Who would have thought zip codes could cause so much of a fuss? Retailers and restaurants know, because scores of them have been sued in class actions throughout California on the dubious theory that recording a customer's zip code at the point-of-sale violates California law. On December 19, 2008, the California Court of Appeal said no.1 The ruling in Party City Corp. v. Superior Court may doom all of those cases.

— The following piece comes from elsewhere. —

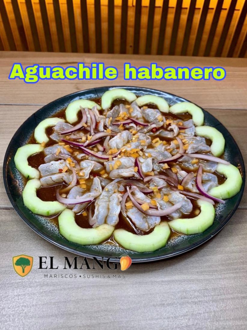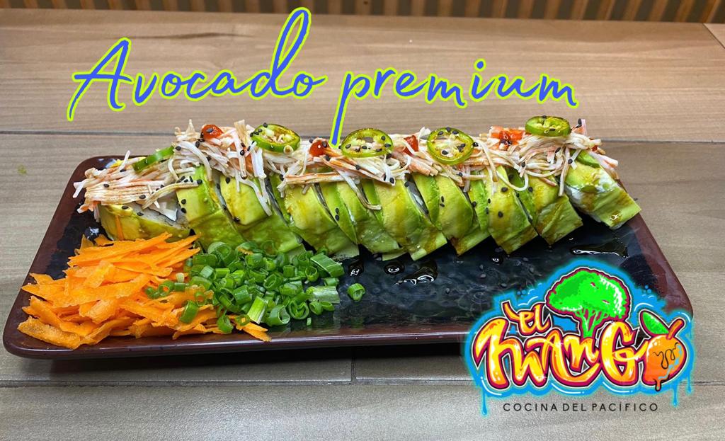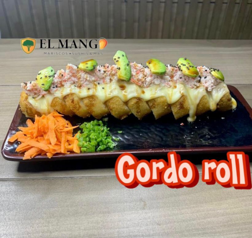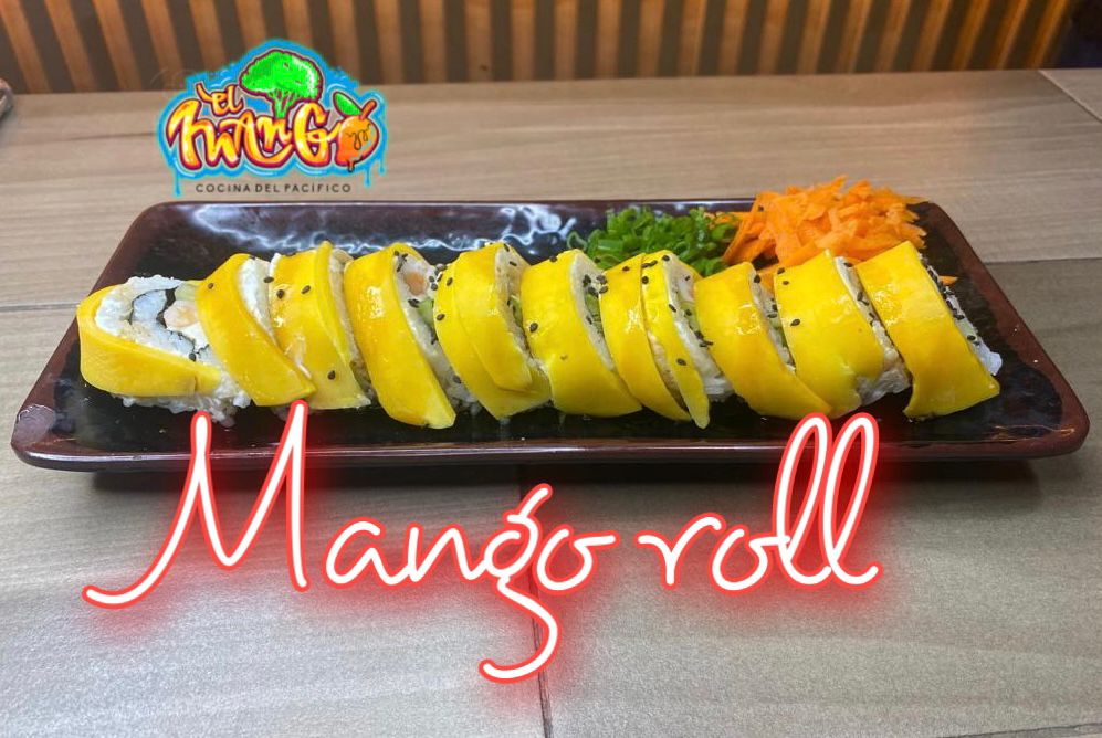 Por dentro, camarón, aguacate, Philadelphia y pepino, forrado de mango.

In the past year, plaintiff's lawyers have filed class action suits against over 40 retailers, alleging that requests for zip code information during credit card transactions violated California law. The plaintiffs' claimed such requests violated the Song-Beverly Credit Card Act of 19712 (the "Act") because zip codes constitute "personal identification information," which merchants cannot demand as a condition of engaging in a credit card transaction. Under the Act, a retailer that accepts credit cards may not "request, or require as a condition to accepting the credit card as payment . . . , the cardholder to provide personal identification information."3 The Act defines "personal identification information" as "information concerning the cardholder, other than information set forth on the credit card, and including, but not limited to, the cardholder's address and telephone number."4
Summary of the Court of Appeal's Decision
In Party City Corp., decided December 19, 2008, the plaintiff alleged that the defendant violated the Act by requesting the plaintiff's zip code as part of a credit card transaction. The plaintiff asserted her individual claim and claims on behalf of a class of credit card customers of the retailer. The plaintiff sought damages under the Act of up to $250 for the first violation, and $1,000 for each subsequent violation.
In response to the claim, the defendant filed a motion for summary judgment, arguing in part that, as a matter of law, a zip code was not "personal identification information." The trial court disagreed, and, in denying the motion, ruled that "the language of [the Act] is clear and unambiguous and the cardholder's zip code falls within its definition of 'personal identification information.'"
The defendant then filed a petition for writ of mandate with the California Court of Appeal regarding the trial court's rejection of its summary judgment motion. In granting the petition, the Court of Appeal held the trial court "erroneously interpreted the definitional portions" of the Act, and found defendant was entitled to summary judgment. In reaching its decision, the Court of Appeal looked to federal regulations for the common meaning and definition of zip codes, and determined "[a] zip code is not an individualized set of identification criteria, such as telephone numbers would be, but rather zip codes provide identification of a relatively large group. . ." The Court of Appeal also determined the purpose of the Act was to protect the private, personal information of individuals, and therefore group information, like zip codes, was not intended to be covered. The Court concluded that zip codes do not fall within the Act's protected category of "personal identification information."
The Court of Appeal's decision removes a great deal of uncertainty surrounding the lawful business practice of requesting a customer's zip code at the point of sale. Given the number of cases already on file, however, we expect that the plaintiff in this action will seek review by the California Supreme Court. Until that court rejects review or decides that matter, retailers collecting zip code information still face some litigation risk, albeit at a much reduced level.
1. Party City Corp. v. Superior Court, No. D053530 (Cal. Ct. App. filed Dec. 19, 2008).
2. California Civil Code section 1747 et seq.
3. Id. at 1747.08(a)(2).
4. Id. at 1747.08(b).
Because of the generality of this update, the information provided herein may not be applicable in all situations and should not be acted upon without specific legal advice based on particular situations.